Independent Investigation Unit
- Abbreviation: IIU
- Formation: June 18, 2015
- Type: civilian oversight
- Purpose: Investigates serious incidents involving the police
- Headquarters: 700 – 155 Carlton Street, Winnipeg
- Region served: Manitoba
- Civilian director: Bruce Sychuk (acting status)
- Website: IIU

= Independent Investigation Unit =

The Independent Investigation Unit is the civilian oversight agency in Manitoba, Canada responsible for the investigation of incidents resulted in serious injury or death to any person. IIU has jurisdiction over all municipal police officers, First Nations police officers and Royal Canadian Mounted Police "D" Division officers, for all complaints on or off duty related.

==Organization==
IIU was created as a result of the recommendations from the Taman Inquiry. The Manitoba government amended the legislation governing police services in 2009 to pave way for the creation of the IIU.

IIU is headed by the civilian director (CD), who cannot be a current or past police officer. They are responsible for reviewing all investigative reports. Once an investigation is completed, the report is forwarded to the civilian director. The report is not made public, except in criminal or civil lawsuits, and in disciplinary proceedings or inquires into death by the Medical Examiner. The CD may choose to directly lay charges if they determine the subject officer has committed an offence, or could refer the matter to Crown Counsel for charge assessment. If prosecution is commenced, section 68(2) of The Police Services Act requires the prosecutor to be from another province.

IIU is one of the three investigative oversight agencies for police in Canada (the other being the Alberta Serious Incident Response Team & Nova Scotia's Serious Incident Response Team) to have current sworn police officers from the Province appointed as investigators.
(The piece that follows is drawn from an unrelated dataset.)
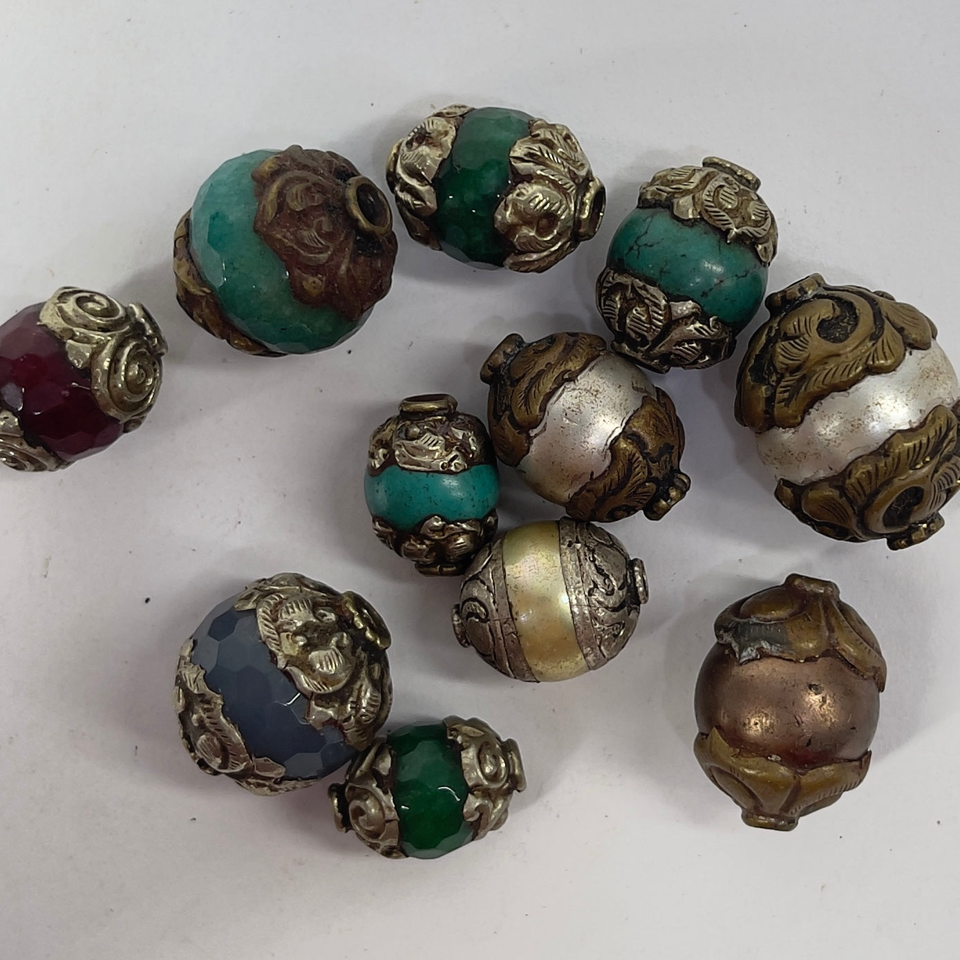 11 Loose Tibetan Repoussé Beads
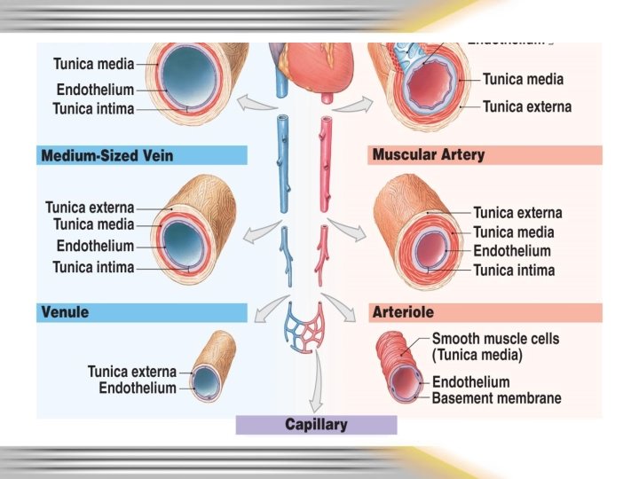 Structure of vessel walls • Three layers – Tunica intima or innermost layer. Includes a lining of endothelium and a connective tissue layer. – Tunica media or middle layer. Contains smooth muscle tissue and collagen and elastic fibers. – Tunica externa forms sheath of connective tissue around the vessel.

On the other hand, the Special Investigation Unit of Ontario, the Independent Investigations Office of British Columbia, and the Bureau des enquêtes indépendantes of Quebec prohibits serving police officers from their respective provinces from being appointed as an investigator.

Civilian investigators are appointed as peace officer, and a police constable under section 63 of The Police Services Act.

IIU is a member of the Canadian Association for Civilian Oversight of Law Enforcement (CACOLE).

==Jurisdiction==
IIU is the fifth investigative oversight agency for police in Canada, after Ontario, Alberta, Nova Scotia & British Columbia. Its jurisdiction extends to all serving police officers regardless of agency. However, it does not investigate other provincial or municipal law enforcement officers (known as "Special Constable" under The Police Services Act).

==Mandate==
IIU investigates all incidents where death or serious injuries may have been the result of police action. Further, the IIU has the mandate to investigate complaints from chiefs of police services alleging that police officers committed an offence under certain sections of the Criminal Code. They include perjury, obstructing justice, fabricating evidence, and giving contradictory evidence.

IIU does not accept complaints from the general public. Unlike other similar oversight agencies in Canada, a civilian monitor may be appointed by the Manitoba Police Commission to monitor the progress of the investigation, and to report back to the commission.